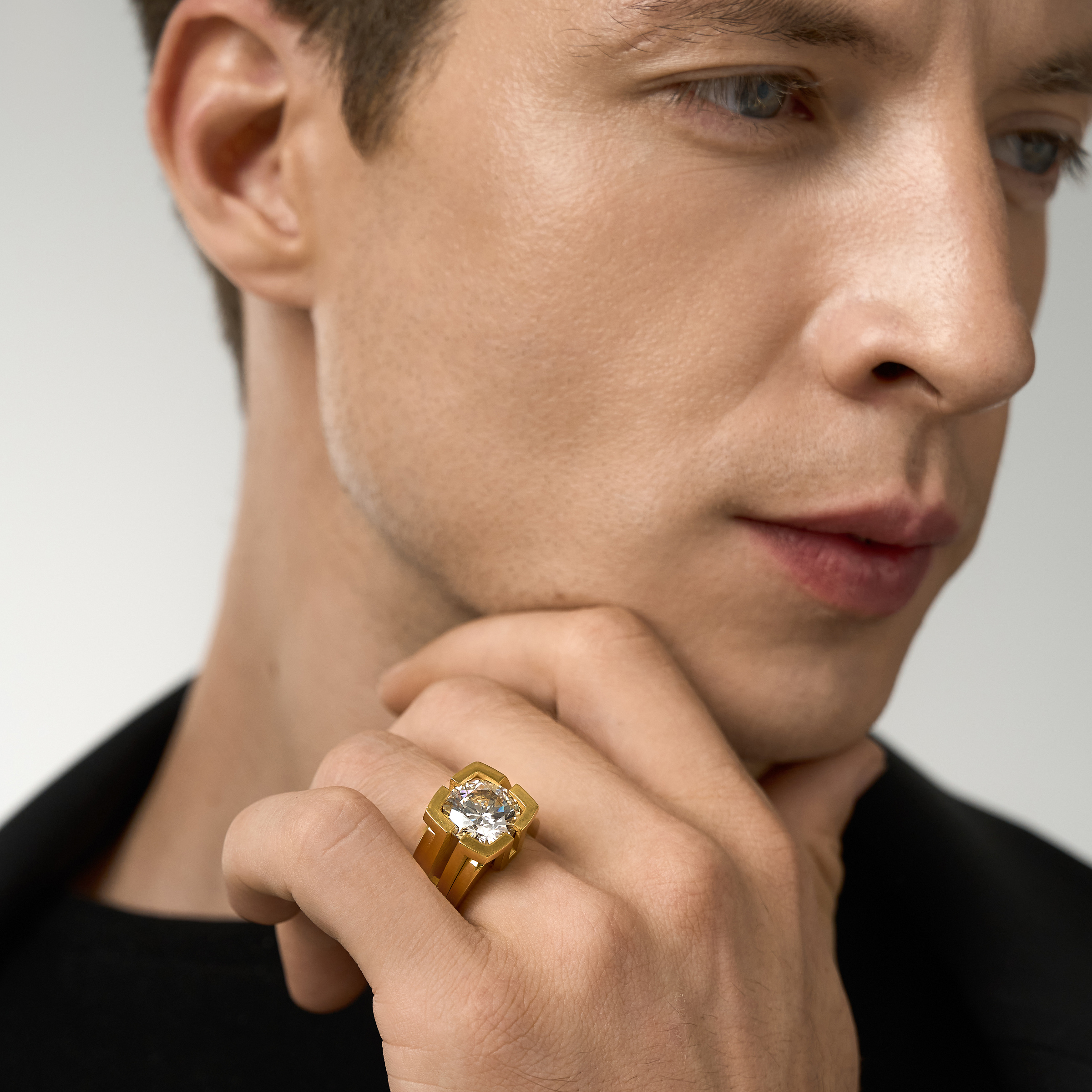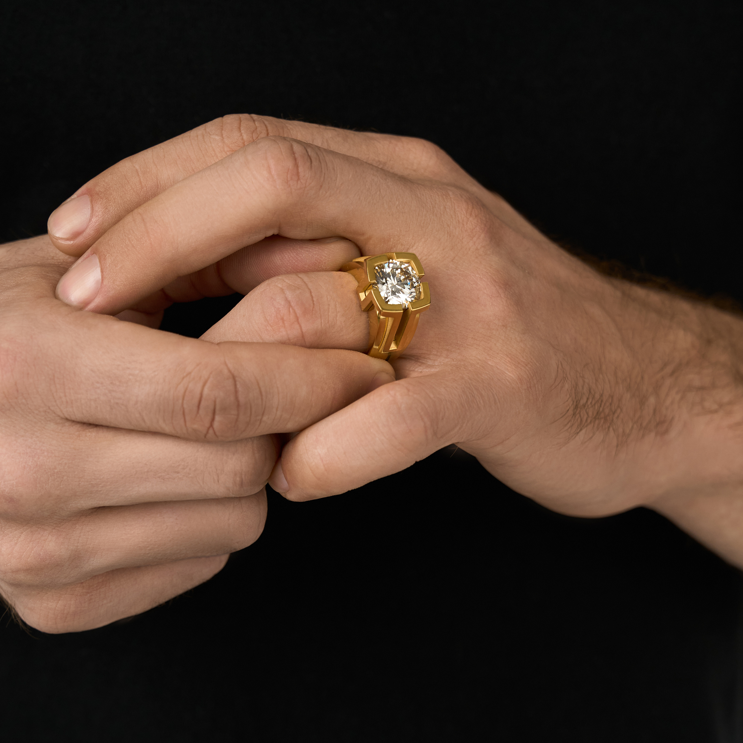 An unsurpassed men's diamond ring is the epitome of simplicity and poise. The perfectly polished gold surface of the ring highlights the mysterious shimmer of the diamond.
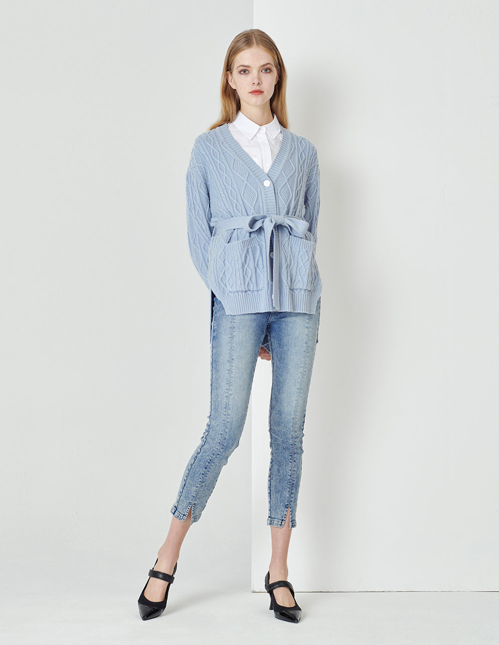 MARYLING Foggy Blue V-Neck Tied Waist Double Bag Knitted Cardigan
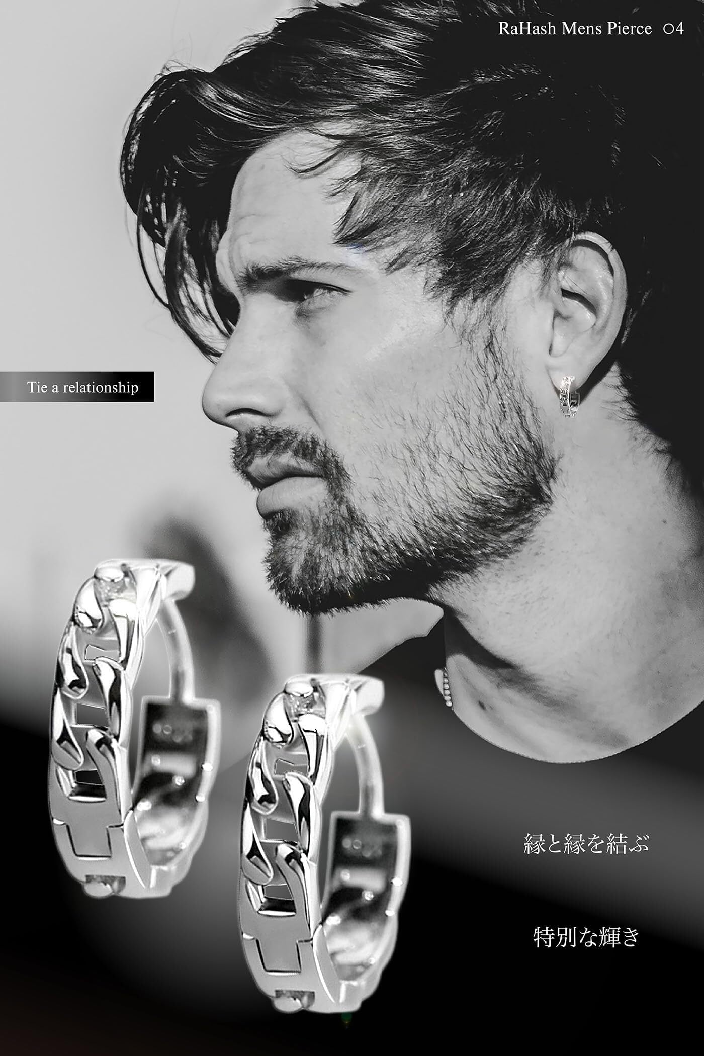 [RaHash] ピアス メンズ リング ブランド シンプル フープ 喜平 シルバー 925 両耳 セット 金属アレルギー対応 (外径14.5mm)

WORK TASK: All of the material above should be copied exactly, minus the pictures.

WRITTEN REPLY:
 An unsurpassed men's diamond ring is the epitome of simplicity and poise. The perfectly polished gold surface of the ring highlights the mysterious shimmer of the diamond.
 MARYLING Foggy Blue V-Neck Tied Waist Double Bag Knitted Cardigan
 [RaHash] ピアス メンズ リング ブランド シンプル フープ 喜平 シルバー 925 両耳 セット 金属アレルギー対応 (外径14.5mm)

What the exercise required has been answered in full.